Just at that time voivode Vasily Sheremetev was sailing past, to whom the injured organizers of bear fun complained about the arbitrariness of Avvakum. Sheremetev at first slightly chided the priest, and then, when Avvakum refused to bless the son of the governor, who walked without a mustache and beard, he threw the archpriest into the Volga, so much so that he almost drowned. And I found a scythe on a stone, recall, because of the bears.

Hot training

In the comedy genre of bear fun, a special role was assigned to leaders who amused the people with their caustic comments, sayings and sayings. Bands with tame bears wandered through Russian cities and villages, causing delight among the people.

“The arrival of the leader with the bear,” wrote Dmitry Rovinsky, the author of the most interesting everyday sketches, “constituted an era in the rural life of the country, everything ran to meet him, both old and small; even grandmother Anofrevna, who has not come down from the stove for already five years, and she runs.

- Where are you, old bastard? - the master shouts after her.

- Ah, priests, - Anofrevna sips, - so I won't see a bear? - and mince further."

The best of the amusers ended up in the royal court. They were searched all over the country, sending special letters to the regions. And in the 17th century in the city of Smorgon the "Smorgon Academy" was founded at all - a special school for training bears.

The training took place as follows: two or three young bears were placed in a cage with a copper bottom, which was lowered into a deep hole. At the bottom of the pit, brushwood and dead wood were set on fire, which made the bottom of the cage heated. From the pain, the animals rose on their hind legs, which, unlike the front ones, were previously shod in bast shoes. When the bottom got even hotter, the cubs began to shift from paw to paw. It was at this moment that the trainer began to knock on the tambourine. Such exercises continued daily from one to two months, depending on the abilities of the trainees.

Then the bears were released from the cage, and training continued in the wild. Those bears who tried especially hard received a reward - a piece of bread or a carrot.
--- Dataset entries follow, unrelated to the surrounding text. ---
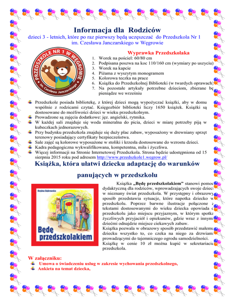 Informacja dla Rodziców dzieci 3 - letnich, które po raz pierwszy będą uczęszczać do Przedszkola Nr 1 im. Czesława Janczarskiego w Węgrowie Wyprawka Przedszkolaka 1. 2. 3. 4. 5. 6. 7. Worek na pościel: 60/80 cm Podpisana poszwa na koc 110/160 cm (wymiary po uszyciu) Worek na kapcie Piżama z wyszytym monogramem Kolorowa teczka na prace Książka do Przedszkolnej Biblioteki (w twardych oprawach) Na pozostałe artykuły potrzebne dzieciom, zbierane będą pieniądze we wrześniu Przedszkole posiada bibliotekę, z której dzieci mogą wypożyczać książki, aby w domu wspólnie z rodzicami czytać. Księgozbiór biblioteki liczy 1650 książek. Książki są dostosowane do możliwości dzieci w wieku przedszkolnym. Prowadzone są zajęcia dodatkowe: jęz. angielski, rytmika. W każdej sali znajduje się woda mineralna do picia, dzieci w miarę potrzeby piją w kubeczkach jednorazowych. Przy budynku przedszkola znajduje się duży plac zabaw, wyposażony w drewniany sprzęt terenowy posiadający certyfikaty bezpieczeństwa. Sale zajęć są kolorowe wyposażone w stoliki i krzesła dostosowane do wzrostu dzieci. Kadra pedagogiczna wykwalifikowana, kompetentna, miła i życzliwa. Więcej informacji na Stronie Internetowej Przedszkola. Strona będzie udostępniona od 15 sierpnia 2015 roku pod adresem http://www.przedszkole1.wegrow.pl/ Książka, która ułatwi dziecku adaptację do warunków panujących w przedszkolu Książka „Będę przedszkolakiem” stanowi pomoc dydaktyczną dla rodziców, wprowadzających swoje dzieci w nieznany świat przedszkola. W przystępny i obrazowy sposób przedstawia sytuacje, które napotka dziecko w przedszkolu. Poprzez barwne ilustracje połączone z tekstami dostosowanymi do wieku dziecka opowiada o przedszkolu jako miejscu przyjaznym, w którym spotka życzliwych przyjaciół i opiekunów, gdzie wraz z innymi dziećmi odnajdzie miejsce ciekawych zabaw. Książka pozwala w obrazowy sposób przedstawić małemu dziecku wszystko to, co czeka na niego za drzwiami prowadzącymi do tajemniczego ogrodu samodzielności. Książkę w cenie 10 zł można kupić w sekretariacie przedszkola. W załączniku: Umowa o świadczeniu usług w zakresie wychowania przedszkolnego, Ankieta na temat dziecka,
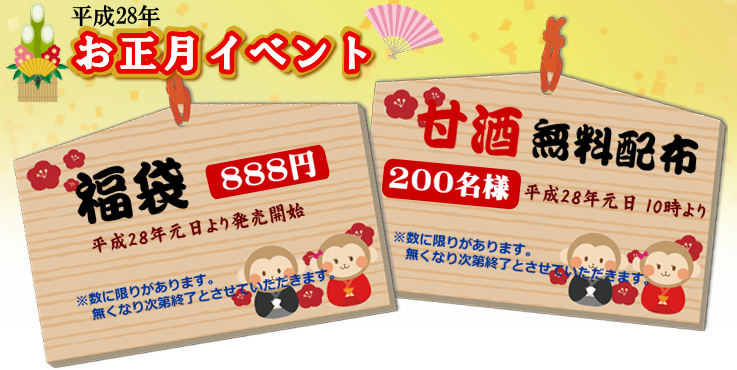 ○1月1日(元日)10時より、甘酒を200名様に無料配布いたします。
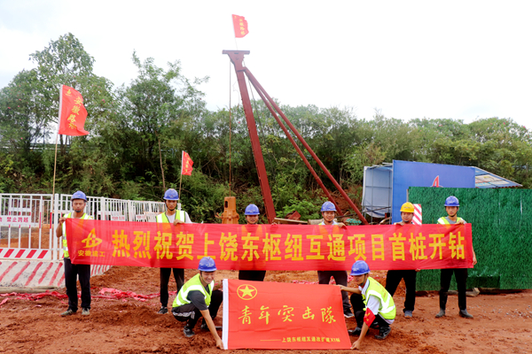 汲取智慧力量解难题促发展。上饶东枢纽互通项目进场伊始恰逢党史学习教育开展,项目部坚持将党史学习教育与生产经营相结合,将学习成效积极转化为破解发展难题的动力,推动党史学习教育走深走实。围绕业主“高起点、高标准、高效率”的驻地建设要求,支部党员建立落实“文化建设、形象提升、效率提升”等方面包保工作“清单”,实施全天候盯控、多点观摩学习以及严格进度过程管控,扎实推进驻地建设,提前20天完成了建设任务。在工程建设中,围绕难点和重要节点,组建“青年突击队”,青年党员带头加班加点,攻坚首根桩基开钻,克服了前期人员紧缺、地质环境复杂和征地难度大等实际难题,顺利拉开了桥梁工程施工的序幕。

But the "educational measures" did not end there either. The bears sawed off their claws and teeth, passed a ring through the nose and lips, for which the trainer, if necessary, could pull the animal, giving it a pain signal. Those bears who did not behave in the best way faced more terrible punishment - they gouged out their eyes.

Bow for a beer mug

Amusing bears, performing in the comedy genre, were popularly called "scientists". And it seems that it was well deserved. In 1771, an article was published in the St. Petersburg Gazette, which described the performance of two bears brought by the peasants to Kurmysh.

The author of the article admired the learning of the animals and listed their skills in 22 points. Bears and gunpowder were cleaned from their eyes, and they parodied judges and soldiers, and portrayed village girls, showing off in the mirror, and showed how the kids steal peas. And they also politely accepted mugs of beer and vodka from the people and, having drunk them to the bottom, gave them back, bowing politely.
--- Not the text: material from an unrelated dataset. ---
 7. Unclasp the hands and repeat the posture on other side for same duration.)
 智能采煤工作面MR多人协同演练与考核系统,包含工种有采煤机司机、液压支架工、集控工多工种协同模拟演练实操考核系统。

Gradually, however, such fun began to fade away. After 1861, the life of the Russian people began to change rapidly. Societies for the protection of animals appeared, the Senate issued another decree banning bear fun. The number of menageries grew throughout Russia, and the circus began to gain great popularity.

However, animal training in circuses is not much more humane than the one practiced by our ancestors.